Changing rainfall can have profound societal consequences across Africa where it plays a crucial role in sustaining livelihoods and economic development. Predicting how rainfall patterns will alter as the planet warms in response to human-caused greenhouse gas emissions is therefore of great importance; for this both observations and simulations are vital. A new analysis of observed and simulated changes in rainfall over Africa has been published by the University of Reading TAMSAT group: the main results along with discussion of some other important studies are summarised below:

  • Southen Africa has experienced an increase in rainfall during December to January (DJF) that contributed to an increase in annual rainfall of 32-41 mm/year per decade (1983-2010). We argue that this increase is linked to a strengthening of the Pacific Walker circulation and since this is most likely related to a decadal climate fluctuation we do not anticipate this trend will be sustained into the future (a recent reversal in the Pacific Decadal Variability index has coincided with a developing drought in South Africa).
  • East Africa has suffered a decline in the “long rains” (March-May, MAM) over the past 3 decades. New research shows drying in this region is unusual in the context of the last 2000 years yet climate model simulations struggle to capture this rainy season.
  • Sahel rainfall has increased by 29-43 mm/year per decade (1983-2010), in particular during the June-August (JJA) wet season. Recent research has implicated increasing greenhouse gas concentrations as the primary cause of this recovery in rainfall from the 1980s drought. Particulate aerosol pollution and amplifying feedback loops from water vapour in the air are thought to also play a role.
  • Figure 1: Rainfall trends (in mm/day per year) for 3 seasons over the period 1983-2008 in (1) atmosphere climate models (AMIP) that are fed with the observed sea surface temperature and sea ice, (2) the Climate Research Unit (CRU) rain gauge dataset, (3) the Global Precipitation Climatology project combined gauge and satellite dataset and the (4) TARCAT satellite-based dataset. See Maidment et al. (2015) for more details.
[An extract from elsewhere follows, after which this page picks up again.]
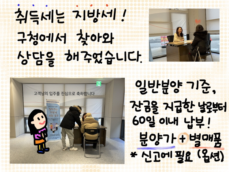 - 입주 후 ‘찾아가는 지방세 상담 창구’를 통해 담당 공무원에게 생소한 주택 취득세 납부 절차와 계산 방법에 대해 자세히 설명을 요청하면 많은 도움을 받을 수 있습니다.

    In our analysis, we excluded datasets which contained unrealistic jumps in the time series (attributable to changing coverage of rain gauge measurements or other factors). For the remaining datasets, the simulations broadly capture the observed changes in rainfall in the regions outlined above indicating that they can be explained by changes in sea surface temperature, the radiative forcings or a combination. They also add confidence in the robust nature of the observed rainfall trends. Projecting future climate change requires fully coupled climate simulations in which the ocean temperature and circulation are free to vary (unlike in the AMIP experiments we used to assess current changes). It is important that the seasonal characteristics of rainfall patterns simulated by these fully coupled models are realistic. This requires improved understanding of the physical processes that determine the climate in key regions such as West Africa and the Horn of Africa which involves combining satellite and conventional observations with detailed modelling as for example planned under current missions such as the DACCIWA project.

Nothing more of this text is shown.